SAWT BEIRUT INTERNATIONAL

| 23 January 2022, Sunday |

Le Premier ministre de Suède se retire de la vie politique… Quelle en est la raison?

Le parti au pouvoir au Royaume de Suède a choisi un nouveau chef, lors de la conférence annuelle du parti dans la ville de Göteborg, et le nouveau chef est Magdalena Andersson, la ministre des Finances du gouvernement actuel, et elle est censée devenir le Premier ministre de ce Pays scandinave, membre de l’Union européenne.

Le changement au sein des sociaux-démocrates suédois a commencé, avec la volonté absolue de l’ancien chef du parti, l’actuel Premier ministre Stefan Löfven, qui dirige le pays et le gouvernement depuis huit ans.

Après cela, il a décidé de laisser la barre de la direction à un nouveau visage, après sa fameuse crise avec le Parti de gauche de Suède, qui a retiré la confiance de son gouvernement précédent, et l’a revenu et l’a rétracté pour lui faire place, en prenant un gouvernement rupture que l’homme a refusé -apparemment- et a décidé de se retirer du travail politique dans l’ennui.

Avec l’arrivée de Magdalena Andersen au pouvoir au Parlement, son parti disposant d’une majorité limitée, les Suédois attendent son règne avec impatience et l’appellent la « Merkel de Suède ».

Autrement dit, ils assimilent cette femme politique têtue à Angela Merkel, la chancelière allemande, qui fait ses adieux à son poste dans son pays quelques jours plus tard.

La Suède vit actuellement au milieu d’une saison électorale anticipée, bien que le mandat du parlement actuel s’étende sur près d’un an, mais les candidats se multiplient, après l’arrivée d’une cinquième femme à la tête du parti le plus important du pays.

Outre cinq autres femmes, elles dirigent les partis d’opposition et neutres, comme la gauche, le centre et les démocrates-chrétiens, en plus du Parti libéral, ainsi que du Parti écologiste ou des Verts, qui a une présidence conjointe représentée par une femme et un homme.

Peut-être l’expérience politique en Suède, son actuel Premier ministre, Lofven, l’a-t-elle résumée lorsqu’il a déclaré dans son discours d’adieu à ses camarades : « Tout futur gouvernement doit bien servir.  »

La philosophie dirigeante de ce parti social-démocrate converge avec l’idéologie du Parti démocrate qui gouverne l’Amérique aujourd’hui, contrairement au contenu politique de son adversaire traditionnel, le Parti des directeurs ou le Parti républicain de Suède.

La Suède entretient, pendant la période de son règne du Parti socialiste, des relations économiques et politiques distinguées avec le monde arabe.

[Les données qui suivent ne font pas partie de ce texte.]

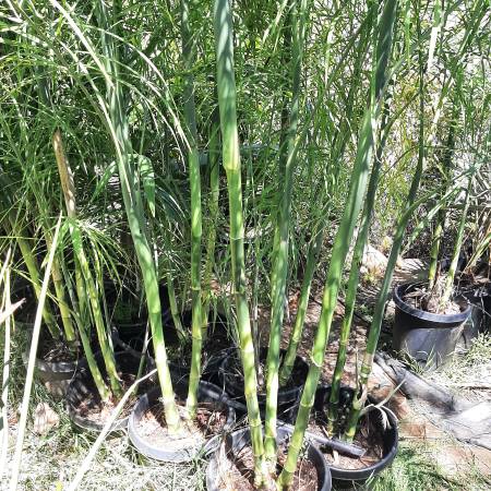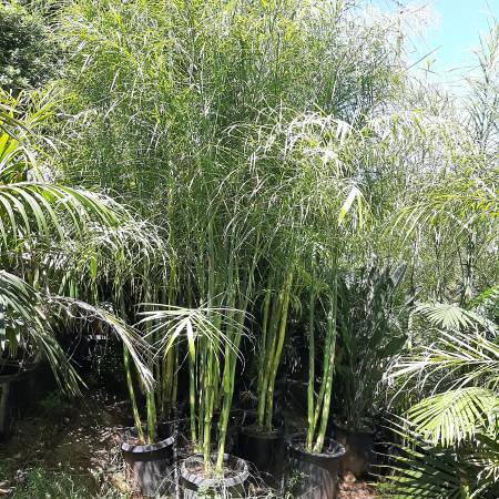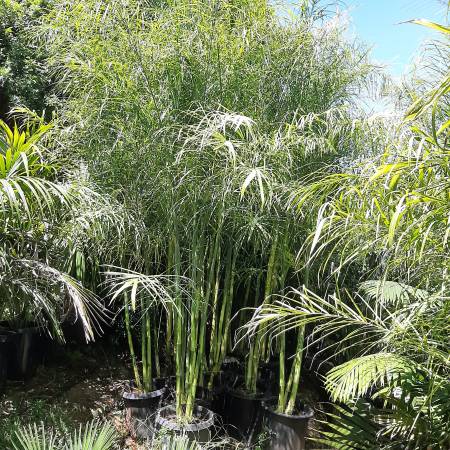 The Baby Queen palm, Chamaedorea plumosa, is a bamboo type palm (NOT the regular queen palm) from Mexico that is easy to grow, drought tolerant, full sun, fast growing and only gets to about 12-15' tall. Grows in a variety of soils. A great accent tree in triples and quads.

Surtout les États arabes du Golfe, et en particulier avec l’Arabie saoudite et les Émirats arabes unis, car ils sont des partenaires majeurs de la Suède dans les domaines de la technologie, de l’énergie et des industries lourdes qui caractérisent la Suède.

L’entrée de la Suède dans la ligne de crise yéménite a été officiellement lancée il y a près de deux ans.

Lorsque sa capitale, Stockholm, a tenu d’importantes négociations entre le gouvernement légitime et le groupe de coup d’État Houthis, qui ont abouti à ce qui a été appelé plus tard l’Accord de Stockholm, que les milices ont violé et n’ont pas respecté sa partie liée à la ville stratégique de Hodeidah.

Il y a quelques mois, le Conseil de sécurité de l’ONU a voté pour nommer le diplomate suédois chevronné, Hans Grundberg, en tant qu’envoyé de l’ONU au Yémen.

Il s’agit d’un pas franchi par le monde, après que la Suède a tenu à faire avancer son initiative pacifique envers ce pays arabe affligé, d’autant plus que le ministre suédois des Affaires étrangères Ann Linde s’est rendu en Arabie saoudite, aux Émirats arabes unis et au Sultanat d’Oman au début de l’été dernier, afin de trouver une solution à ce conflit en cours.

La Suède aura-t-elle un nouveau visage politique après l’arrivée attendue de Magdalena Anderson à la tête du gouvernement?

La réponse à cela dépendra des performances du futur gouvernement socialiste et des politiques internes et externes qu’il entend mettre en œuvre.